“The discovery of 13,000-year-old rock paintings in Nottinghamshire last year rewrote ice-age history in Britain. Today, archaeologists from all over Europe are in Creswell to discuss how the finds form part of a continent-wide culture known as the Magdalenian.”
Month: April 2004
The Arthur Miller Phenomenon
At the age of 88, Arthur Miller is still cranking out work. He’s got two plays in production, and a very busy schedule. “I still love the form. It’s a great, great human adventure. Imagine having a human being stand up on a platform and mesmerize an audience and sometimes even illuminate something for them. You don’t need machinery. It’s a very primitive art. That’s the beauty of it.”
All In The Family – The Pulitzer
Franz Wright won this year’s Pulitzer Prize for poetry, but he’s not the first in his family to win one. His father – James Wright, who died in 1980, “won the Pulitzer for poetry in 1972; the two Wrights are believed to be the first father and son ever to win the award.”
Sci-Fi Museum – Beam Me Up
Paul Allen’s Science Fiction Museum in Seattle is getting close to opening. “Despite some forward-looking, hopeful exhibits, like “SETI Fiction and Fact,” which will explore the Paul Allen–funded effort to receive communications from actual ETs, SFM will essentially be, like any museum, retrospective. It will celebrate a past when geniuses could envision happier futures and it will chronicle sci-fi’s evolution into negativity, including the bleakness expressed in Planet of the Apes (the costume of Dr. Zaius will be on display).”
Music To Torture A Deity By
The soundtrack to Mel Gibson’s controversial film about Jesus’s last hours has been certified gold after selling 500,000 copies in February alone.

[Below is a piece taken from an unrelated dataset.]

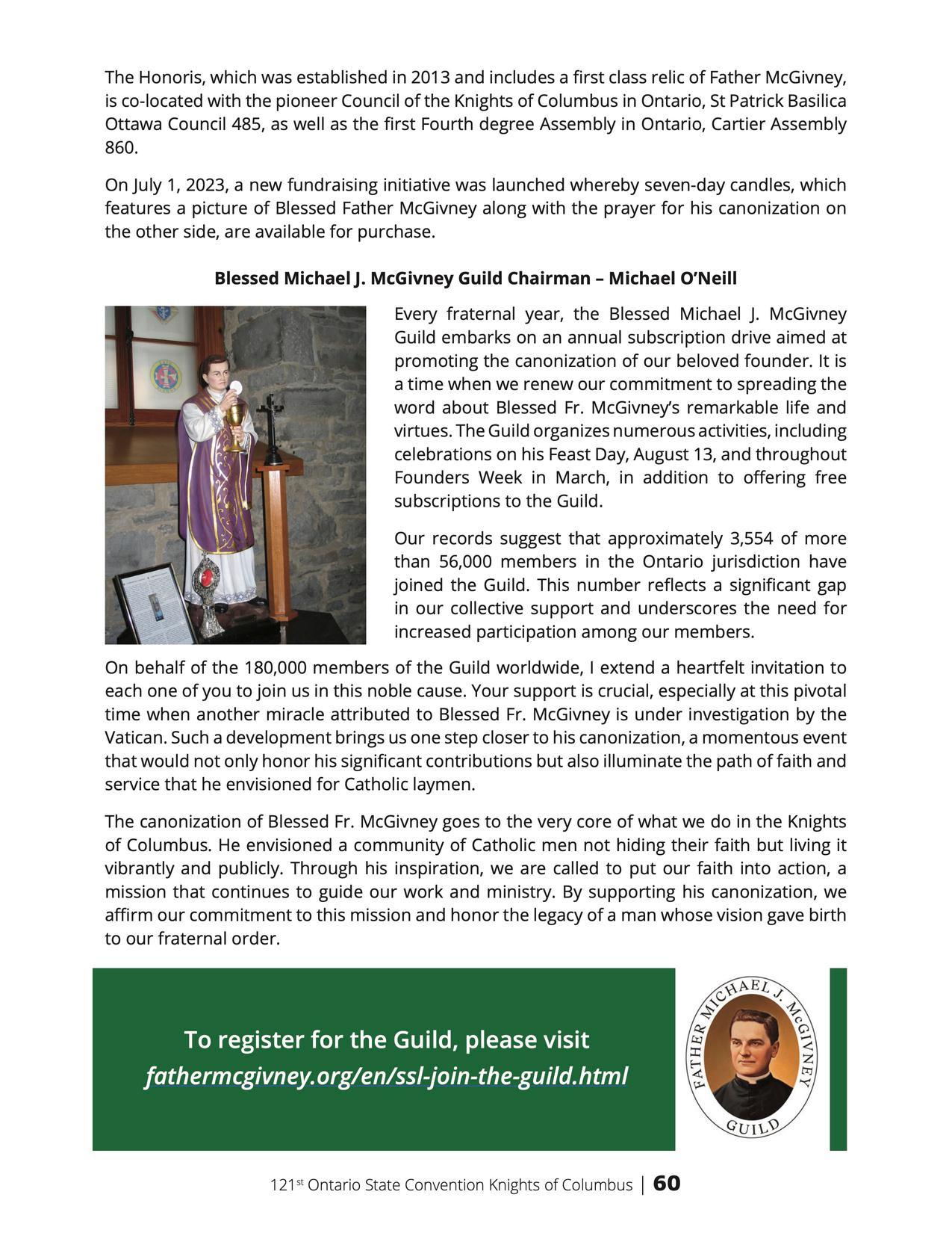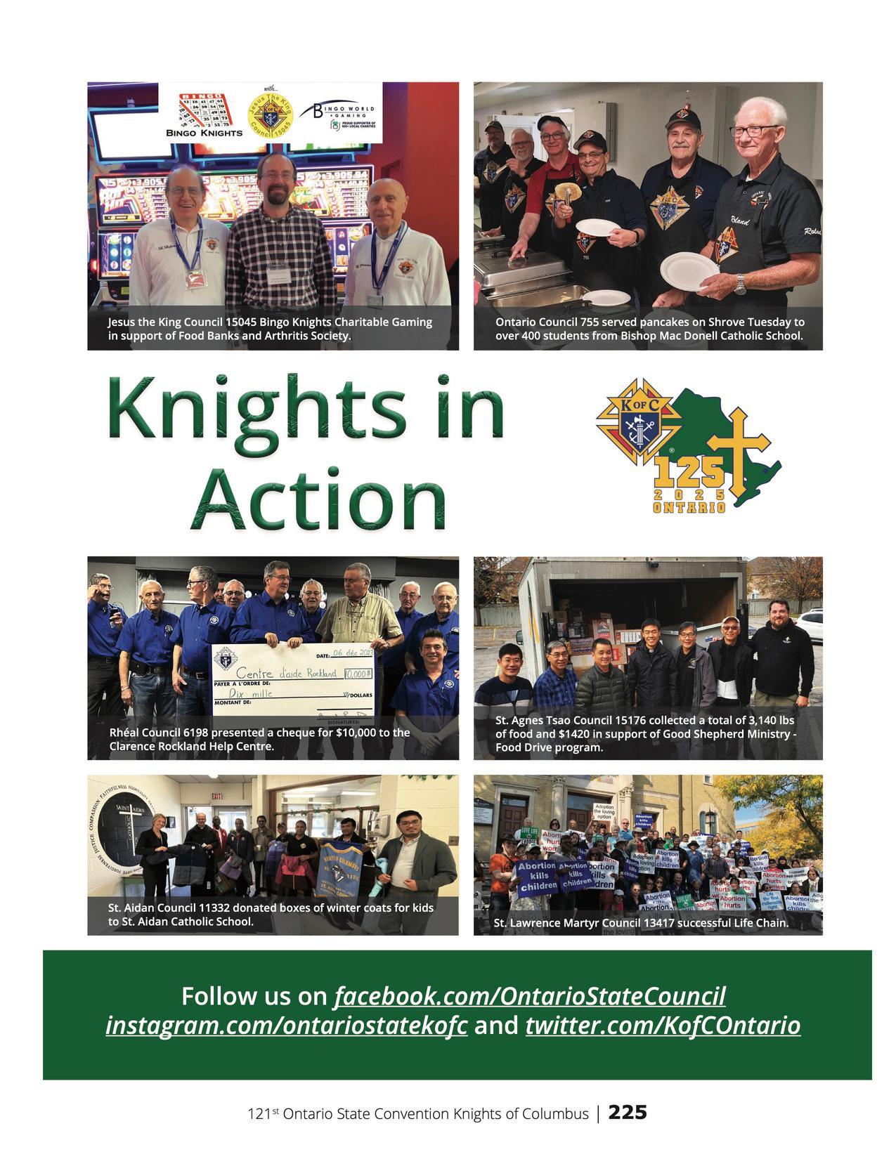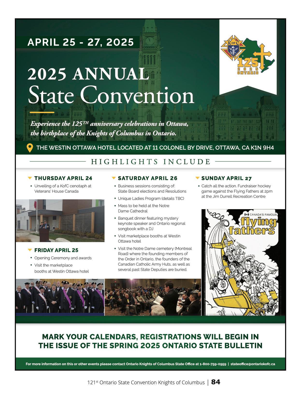 To that end, we have dedicated this issue to the 2024 annual State Convention wherein all those who were not able to attend this year’s convention may still be informed about some of the important milestones we have achieved this year and what the next fraternal year holds for the members of the Knights of Columbus in Ontario.

Nabokov: Plagiarist or Cryptomnesiac?
The allegation that Vladimir Nabokov may have lifted the plot of Lolita from another author’s work has Ron Rosenbaum fascinated. “It’s not so much a scandal as a literary mystery — a mystery about the mind of one of the great artists of our era. And second, the alleged scandal turns on the question of a literary-psychological term that was new to me, but that has now become one of my favorites: ‘cryptomnesia.'” The term mean just what it sounds like: it describes an author who has read another author’s work, but completely forgotten about it, to the extent that he appropriates the plot without ever realizing that he has done so.
The Ghetto Dream Maker
In times of political upheaval, many people take refuge in music, and in South Africa, an entire musical movement has grown out of the nation’s first tumultuous decade following the end of apartheid. The music is called kwaito, and its biggest star is a man known as Zola, who personifies all the anger, confusion, and hope of the impoverished black township residents who are wondering whatever happened to the promises of post-apartheid prosperity.
The God Culture: Heavenly Comeback Or Hellish Culture War?
“Nearly 40 years after Time magazine posed the question “Is God Dead?” signs of His resurrection are everywhere: Mel Gibson’s ‘The Passion’ is on its way to becoming the highest-grossing independent film of all time, while the apocalyptic ‘Left Behind’ novels, based on the Book of Revelations, have sold 58 million copies, a publishing jackpot… The nation’s born-again president pronounces Jesus his ‘favorite philosopher’ and trumpets America’s mission to battle evil in the world. And faith avowals are all but requisite on the campaign trail – with hell to pay for anyone who demonstrates biblical illiteracy… Is all this ferment a result of post-Sept. 11 anxiety? Or has spirituality become just another commodity in a world where consumerism has become the ultimate value?”
Taking Comfort
It was the sweltering summer of 1951 when artist Charles Comfort spent 58 days creating a 20-meter mural on the back wall of a Toronto Dominion Bank branch in Vancouver. The resulting artwork stayed in place for half a century, and became known as one of British Columbia’s most important works of public art. “When the bank branch closed in 2002 and the space was taken over by a pharmacy, the bank was determined to find a way for it to stay in the province. It wasn’t such an easy task. The size of the mural was certainly an issue. And the restoration needed to remove layers of tobacco smoke and grime was extensive. More troubling, however, was the controversial history of Comfort’s murals in Vancouver.”
Installation Art 101
Eleven Colorado high schools are taking part in “Design and Build 2004,” an annual program sponsored by the Denver-based Museum of Outdoor Arts which is designed to give students a chance to experience firsthand the challenges of designing, building, and installing a major piece of public art. The students create “technical drawings, topographical maps and conceptual statements” of their proposed installations, then consult with the museum on feasibility, cost, and other minutiae. Finally, their fully constructed works are mounted at various high-profile sites throughout the Denver metro, with all the attendant fanfare of a “professional” installation.